Why oil prices and related valuation of energy companies are subject to analysis using log normal distributions arises from the characteristics of most commodities - the ultimate value of a given commodity reserve is directly related to the size of the deposit or reserve and the price it may command at future points. Log-normal distributions are routinely applied to estimating the size of oil reserves and similarly applied to estimating future stock or commodity prices. So instead of over simplifying analysis of energy stocks by applying EBITDA multiples to reported financial results or attempting DCF valuation using projected commodity prices, a more robust valuation can be arrived at using Black-Scholes and valuing the proved and probably reserves as a “real option”. The result is often not far from the oversimplified multiple approach but sometimes produces widely different outcomes. In the example I will show, the differences are not extreme.
Output and Inputs are as follows (I will ignore dividends since they are discretionary and deal with when you receive the benefit of the investment, if any, not its quantum. Dividends are included when valuing stocks using Black Scholes since the dividends can be paid during the option tenure but the option holder does not get them. In valuing the totality of a commodity reserve, the investors receive all of the income from exploitation of the deposit, if it generates any income):
Spot price - CAD $6.5 billion Present value of future cash flows from reserve report without discounting.
Strike price - CAD$5.2 billion future development costs from the 2021 Whitecap reserve report without discounting.
Volatility - estimated using the market volatility of the related energy commodity prices as a proxy for future probabilty. Estimated annual volatility is equal to daily volatility multipled by the square root of the number of trading days in a year. With Monte Carlo simulation you can adjust for possible errors in the estimation of volatility by repeating the valuation with different volatility estimates creating a range of outcomes.
Time to maturity - the life of the option is the life of the reserves at current production rates, or for undeveloped but proven reserves, the time frame before which the reserves revert to the Crown if the company is not currently producing (more often the case with junior mines than with oil & gas companies)
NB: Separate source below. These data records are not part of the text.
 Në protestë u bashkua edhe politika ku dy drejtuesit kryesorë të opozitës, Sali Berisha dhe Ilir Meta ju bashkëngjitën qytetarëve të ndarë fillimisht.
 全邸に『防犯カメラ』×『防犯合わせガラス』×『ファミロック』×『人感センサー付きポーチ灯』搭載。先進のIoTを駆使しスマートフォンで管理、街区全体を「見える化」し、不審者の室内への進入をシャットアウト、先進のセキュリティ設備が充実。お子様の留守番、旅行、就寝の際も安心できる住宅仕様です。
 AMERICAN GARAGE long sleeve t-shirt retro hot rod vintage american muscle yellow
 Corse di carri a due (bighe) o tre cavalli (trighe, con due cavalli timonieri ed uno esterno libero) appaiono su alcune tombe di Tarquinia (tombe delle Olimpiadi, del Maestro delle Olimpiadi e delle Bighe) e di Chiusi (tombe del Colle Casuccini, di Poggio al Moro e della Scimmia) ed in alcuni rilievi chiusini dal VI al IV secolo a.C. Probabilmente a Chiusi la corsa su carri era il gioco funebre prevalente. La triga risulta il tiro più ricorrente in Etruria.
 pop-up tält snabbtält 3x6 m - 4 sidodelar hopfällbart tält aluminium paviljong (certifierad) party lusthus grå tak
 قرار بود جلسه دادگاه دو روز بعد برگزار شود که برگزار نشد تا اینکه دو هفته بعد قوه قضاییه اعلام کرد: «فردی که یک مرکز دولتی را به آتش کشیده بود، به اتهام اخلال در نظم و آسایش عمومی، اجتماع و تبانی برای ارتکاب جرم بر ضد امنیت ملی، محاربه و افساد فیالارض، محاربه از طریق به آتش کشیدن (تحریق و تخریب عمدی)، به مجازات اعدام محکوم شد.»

Risk free rate - While the real risk free interest rate is a concept and not a reality, a useful proxy is the 10-year T bill rate plus the rate of inflation. Pretending the 10-year T bill rate is “risk free” when inflation is running at twice the interest rate on that instrument is a common error in valuation. Absent central banks intervening in markets, investors would demand a real return of about 4%.
Applying this approach to the example of Whitecap Resources (WCP.TO).
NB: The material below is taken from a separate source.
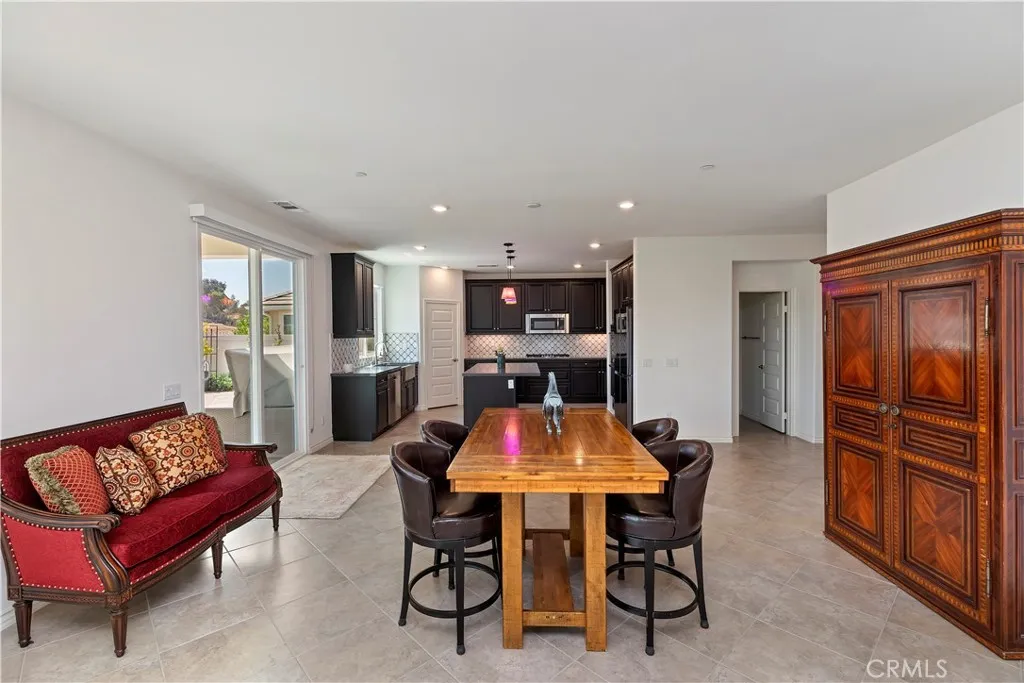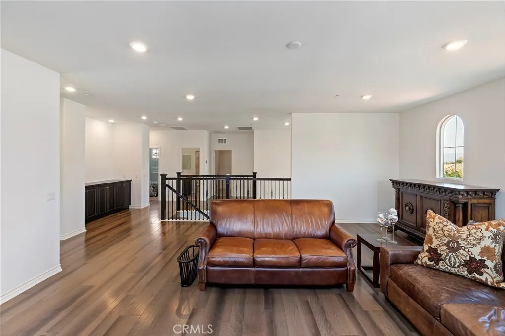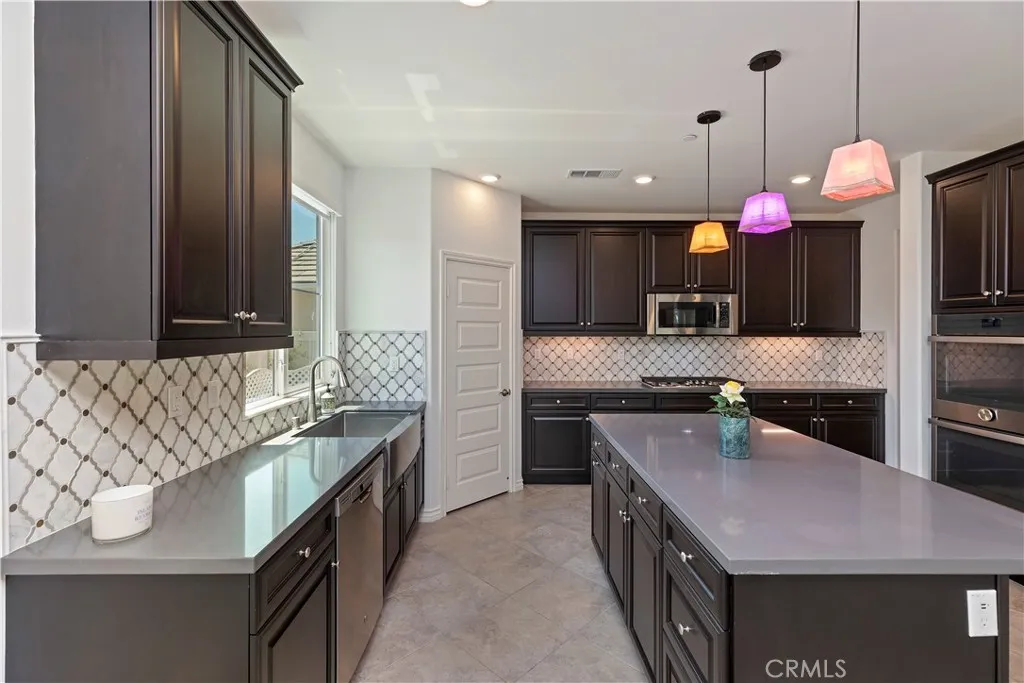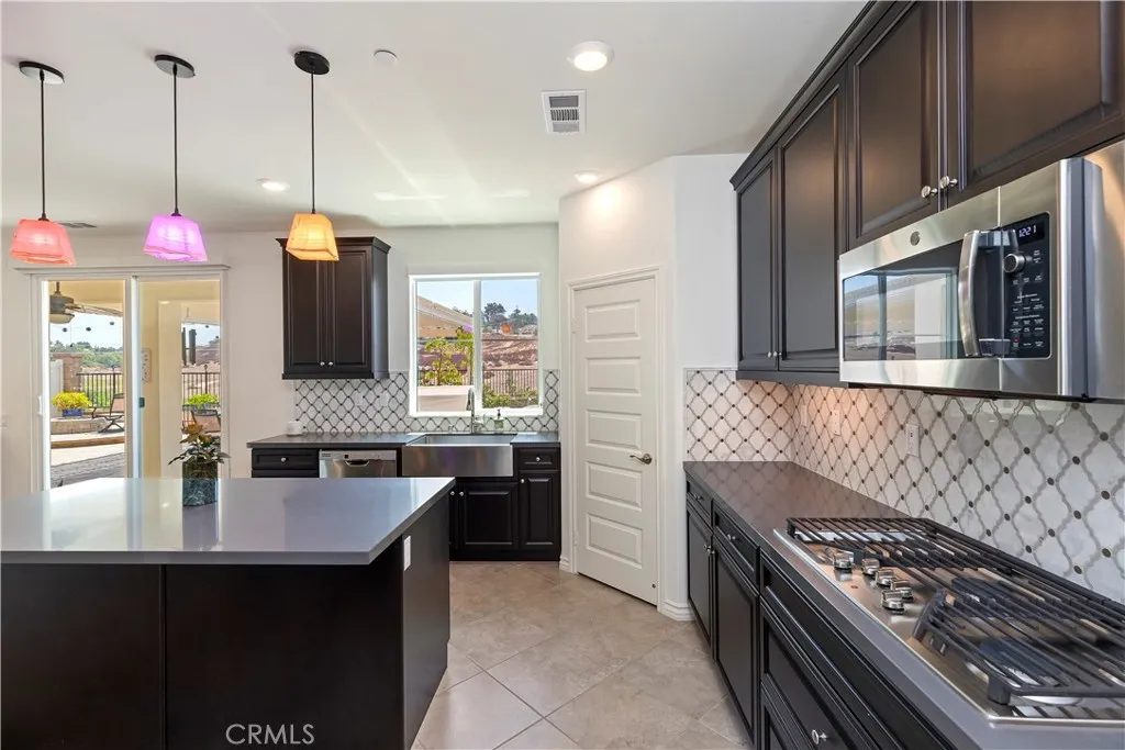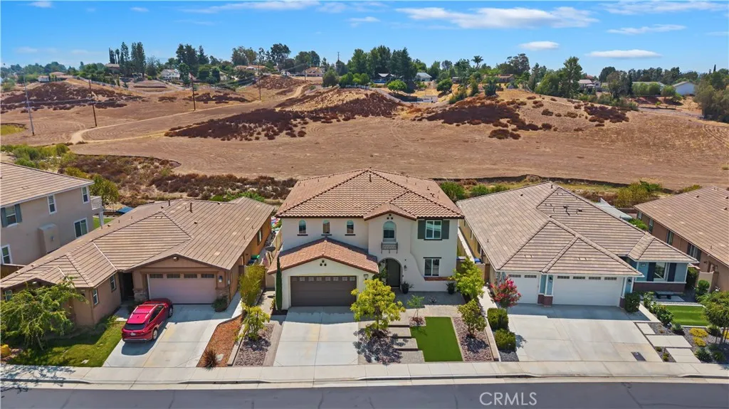 Welcome to this stunning home located in the highly desirable gated community of Nicolas Heightsa small, private enclave in the heart of Temecula offering both privacy and peace of mind. Built in 2019, this 3,648 sq ft residence showcases a sleek, modern layout and exceptional designer upgrades throughout, all set on a premium view lot with no rear neighbors and panoramic scenery that enhances everyday living. The curb appeal is undeniable, with wrought iron accents and fully finished front and back yards featuring eye-catching brick pavers and lush landscaping. Inside, you'll find a light-filled open floor plan with elegant tile and wood flooring, plantation shutters, and brand new interior paint that gives the home a fresh, updated finish. The inviting kitchen is a showstopper, boasting a large quartz island, detailed stone backsplash, pendant lighting, GE Profile stainless steel appliances, a 5-burner stove, double oven, walk-in pantry, and Samsung refrigerator that stays. A butlers pantry adds extra storage and convenience for hosting. The open-concept family room includes a custom fireplace, and a downstairs bedroom with full bath provides ideal flexibility for guests or multi-generational living. Wrought iron staircase railings lead to the second floor, where a spacious upstairs loft-style second living area offers plenty of room to relax, entertain, or create your ideal flex space. Three additional upstairs bedrooms are generously sized, and the secondary bathroom feature modern styling. The luxurious primary suite includes a large walk-in closet, dual sinks, vanity

Spot price = CAD$6.5 billion
Strike price = CAD$5.2 billion
Volatility = 60% (~4% daily volatility x square root of 230 trading days = 60.4)
Time to maturity = Reserve life index reported as 17.6 years
Real Risk Free Rate = 12% (10 year T-bill rate of 4% plus 8% inflation)
Option price = CAD$6.17 billion or about CAD$10 per Whitecap share with 617 million shares outstanding (see below).
Based on this approach the current WCP.TO trading price of CAD$8.40 per share seems undervalued. This analysis which uses 2021 data does not include any impact (positive or negative) from the XTO acquistion which recently closed but which will have a material impact on future cashflows. Absent the XTO acquisiton, Whitecap was on track to being debt free in the near future so no adjustment for debt is included. Accordingly, this article is illustrative and not intended to be an estimate of current value of WCP.TO.
Interesting. Curious why is the strike on PDP of $6.5b and not total proved of $11.2b? Given future development costs are on total proved? Same thing with reserve life...using PDP but reserve life of ~17 years based on proved + PUD i.e. proved RLI only 12.5 years?
Newby take: if oil price is log normal and stock price is 100% correlated with oil price (which I believe it is) - then your exposure to oil stocks should be probably somehow proportional to area under the curve to the right of current price. Means - the higher oil price the less exposure you should have. Never to zero but 100% is also rather exceptional (like in once-in-a lifetime case with negative prices).
Of course this curve is not static and changes over time. And thought must be given if it commands your total exposure or just %% of your new investment related to available cash pool. But still it’s worth further elaboration.
Michael, thank you for this post, it gives some fuel to thinking.